Leave the pictures out, and transcribe the material below exactly from the line with "Posilovač stehen BH" to the line with "Simple and beautiful, this", both lines included.

### Input
+--
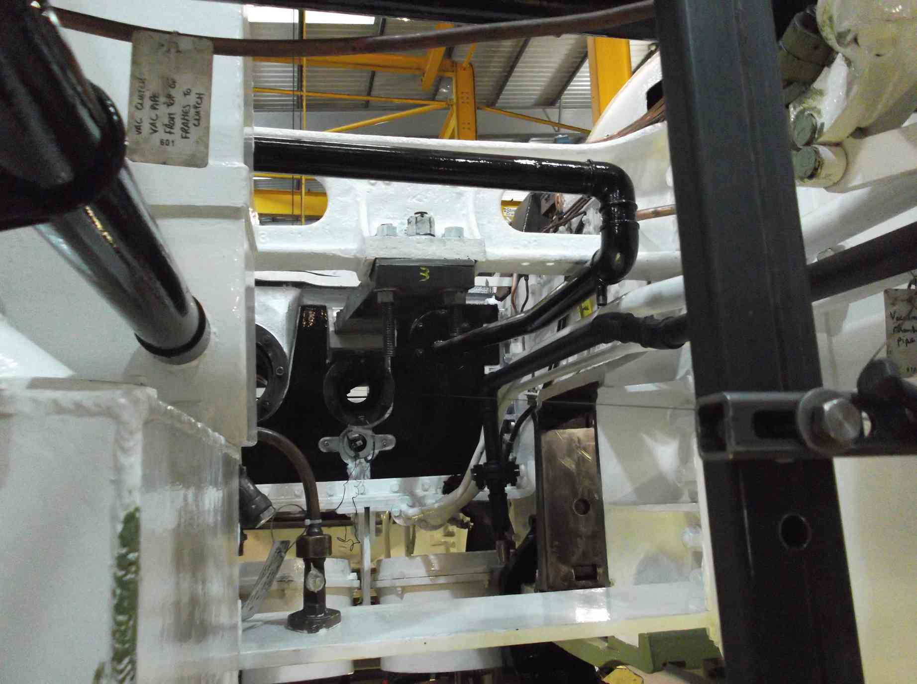 This time the bogie was lifted off the south road with the crane and lowered in to the pit. This was a close fit and had to be pushed with timber lengths to clear a modern cable tray on the wall of the pit. At the bottom of the pit, ropes securing the rubbing plates on the top centre of the bogie were removed. The bogie was then lifted under the loco. There’s a lot more to watch with the bogie going up so with people all round we slowly brought the bogie up. It was clear we would be close to the vacuum cylinder flexible pipes. This was expected as it was the case with the last installation. When close to fully up the pipe routing was discussed by our CME and pipe ftting team leader and they decided it could be improved, so the pipes were removed.
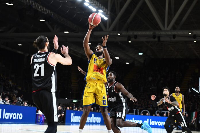 Senza l’infortunato Butjankovs, ma con in campo il neo arrivato Okoye, capitan Rossato e compagni hanno tirato con superiori percentuali di realizzazione, hanno recuperato più rimbalzi e possessi e fatto circolare la palla in maniera esemplare, infliggendo una dura lezione alla blasonata formazione bolognese che, per l’occasione, era rientrata nella Virtus Segafredo Arena, dopo l’esilio forzato al PalaDozza. Esordio interno bagnato però da una sconfitta, la prima in campionato dall’inizio della stagione agonistica.
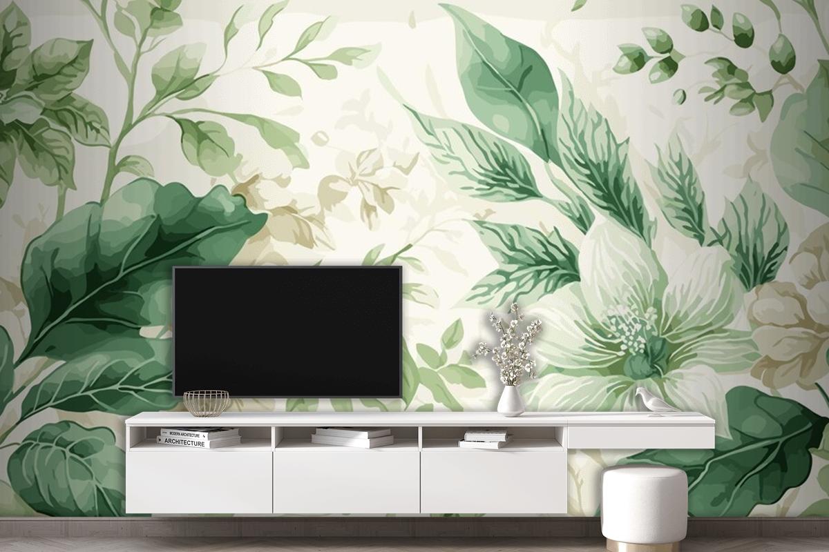 Seamless Watercolor Green And Beige Floral Pattern Living Room Wallpaper Mural
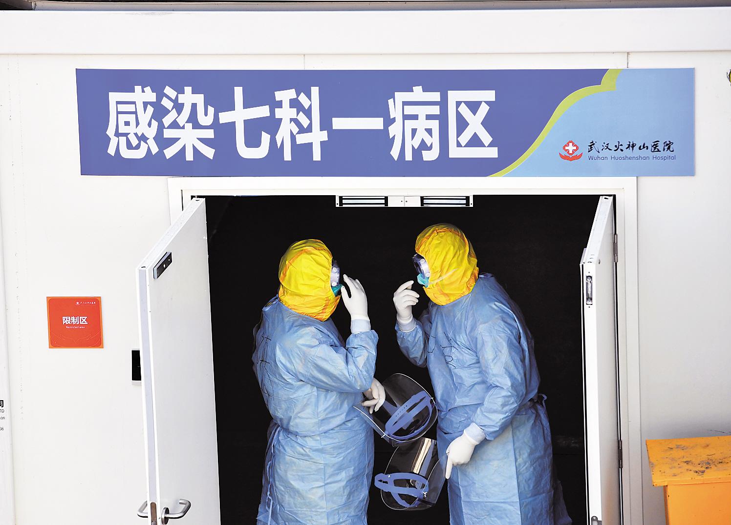 ◀2月4日,武汉火神山医院,两名解放军医疗队队员在互相检查防护措施。
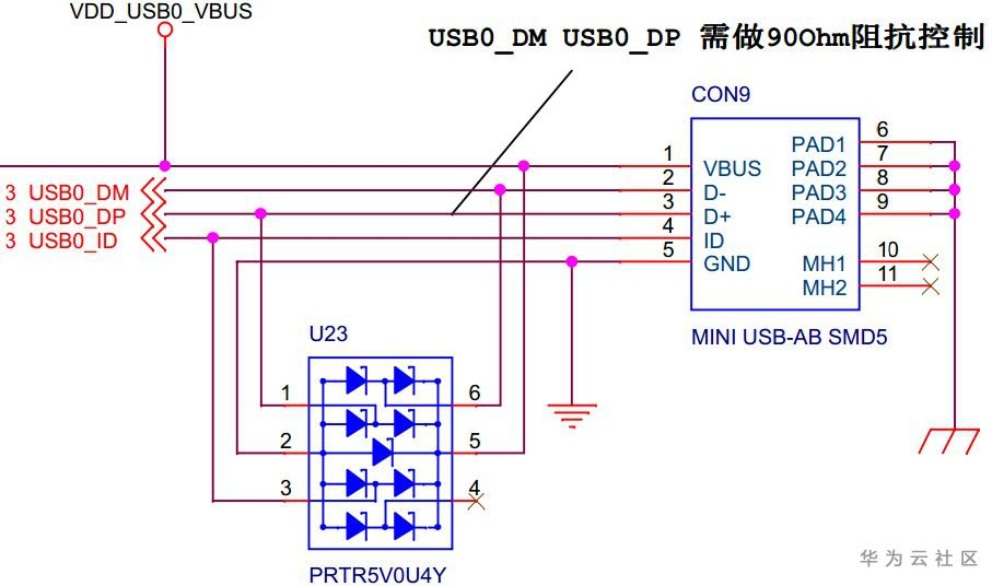 CON9是Mini USB 2.0 OTG接口,理论速度480Mbps,主要应用于各种不同的设备或移动设备等从设备间的连接,进行数据交换。其引脚定义如下图:
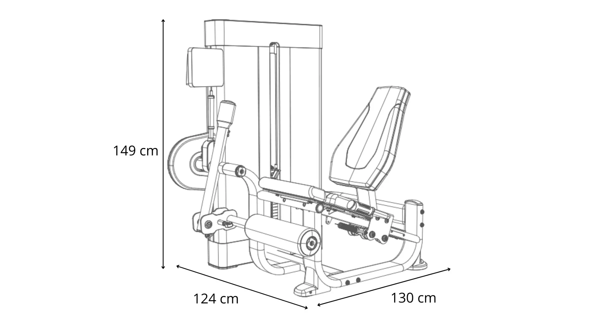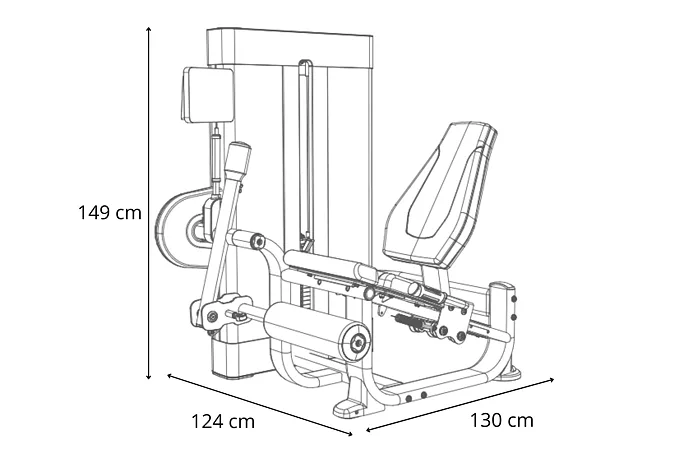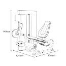 Posilovač stehen BH Fitness Movemia M010 předkopávání se rozkládá na půdorysu o rozměrech (d x š x v) 130 cm, 124 cm a 149 cm, nezabere vám tedy moc prostoru a stále zůstane dostatek místa i na další stroje.
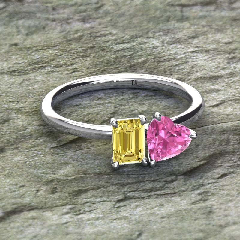Simple and beautiful, this enchanting 2 Stone Duo Ring flaunting an Emerald Shape Lab Created Yellow Sapphire dazzling along with Heart Shape Lab Created Pink Sapphire are perfect for the women who have a modern outlook and are willing to be unique.
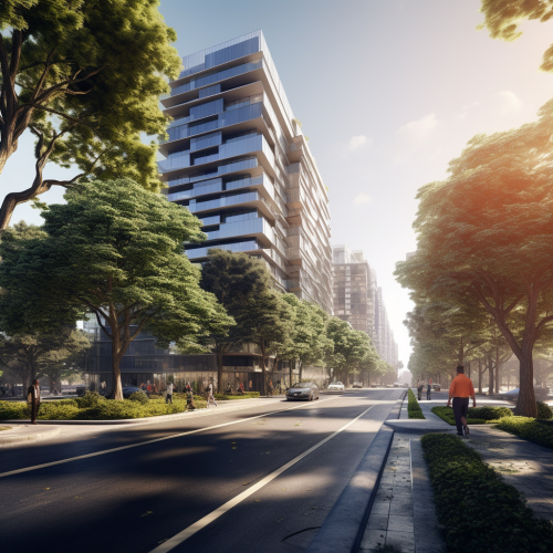 between two high rise podium , 60 feet road with both side happening retails, pedestrian friendly, roof for outdoor activities, slope gradient 1:15 road, with trees and beautiful modern landscape and streetscape, void to basement level for natural lighting and ventilation, hyper realistic , 4K resolution render
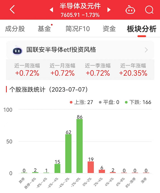 中国经济网北京7月7日讯 今日,半导体及元件板块整体跌幅1.73%,其中,27只股票上涨,166只股票下跌。
+--
### Solution to this exercise
 Posilovač stehen BH Fitness Movemia M010 předkopávání se rozkládá na půdorysu o rozměrech (d x š x v) 130 cm, 124 cm a 149 cm, nezabere vám tedy moc prostoru a stále zůstane dostatek místa i na další stroje.
Simple and beautiful, this enchanting 2 Stone Duo Ring flaunting an Emerald Shape Lab Created Yellow Sapphire dazzling along with Heart Shape Lab Created Pink Sapphire are perfect for the women who have a modern outlook and are willing to be unique.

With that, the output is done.